The pencil still has lead in it. The nib on the fountain pen is 14k gold. The pen is filled by unscrewing the top cap and pulling it in and out while the pen is dipped in ink. By the time I went to Catholic school, we still had to use fountain pens, but we used the cartridge kind. Much easier!!
The 2 green boxes are from the extra nibs. The boxes themselves are "vintage". I couldn't believe there were web sites totally devoted to fountain pens, both past and present, and all their accouterments.
This is the Imperial pocket knife. It has gotten a LOT of wear and the blades were still sharp. I found pictures of this for sale on Ebay also, but there were a couple of days left on the item, so I don't know what the final bid was.
Somebody used these crayons as you can see below. The tin is unique. The crayons are called, "Crayonex".

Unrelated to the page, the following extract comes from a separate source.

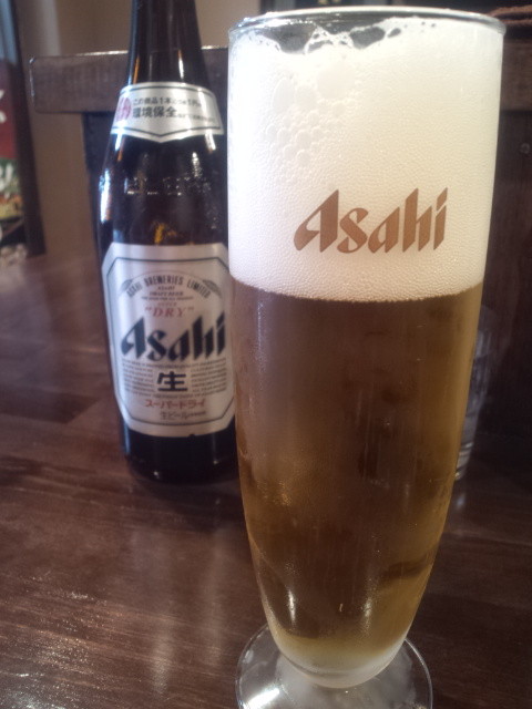 コレはちとゆっくり出来そうかなと、ビール。券売機の一番左上のボタンがビールのボタンじゃないすか!とちと驚きながらも、そのボタンを押していくスタァ〜イル♪ビールがすぐ到着。提供までそれなりに時間がかかると予習していましたので、店内レイアウト、店員さんの調理風景を肴に、チビチビゆっくりと頂きます。

The Redipoint refillable pencil is above. The top pulled off to expose an eraser.
Here are the colored pencils. I have a feeling these were for Bible marking during Bible college for my friend.
And finally, above are the extra nibs. One is "firm fine" for "general writing" as it says on the box, and the other is "rigid fine" for "fine manifold", which I guess is a term for a nib capable of calligraphy.
Oh - and the whole reason for cleaning the closet to begin with? The yarn. Here is my attempt at one of the hearts. It's ok, but it's not perfect. I need to make a few more to practice and to get it perfect.
In the first picture, Squeebles, my Maine Coon kitty, is helpfully displaying my crochet heart. If you look closely, I think his tongue is out. I have no idea why, but he sometimes forgets that it's out and it looks quite comical. I also included a little better picture of the heart.
So there you have it. My first post in a couple of months. I hope - don't roll your eyes - to be writing more often.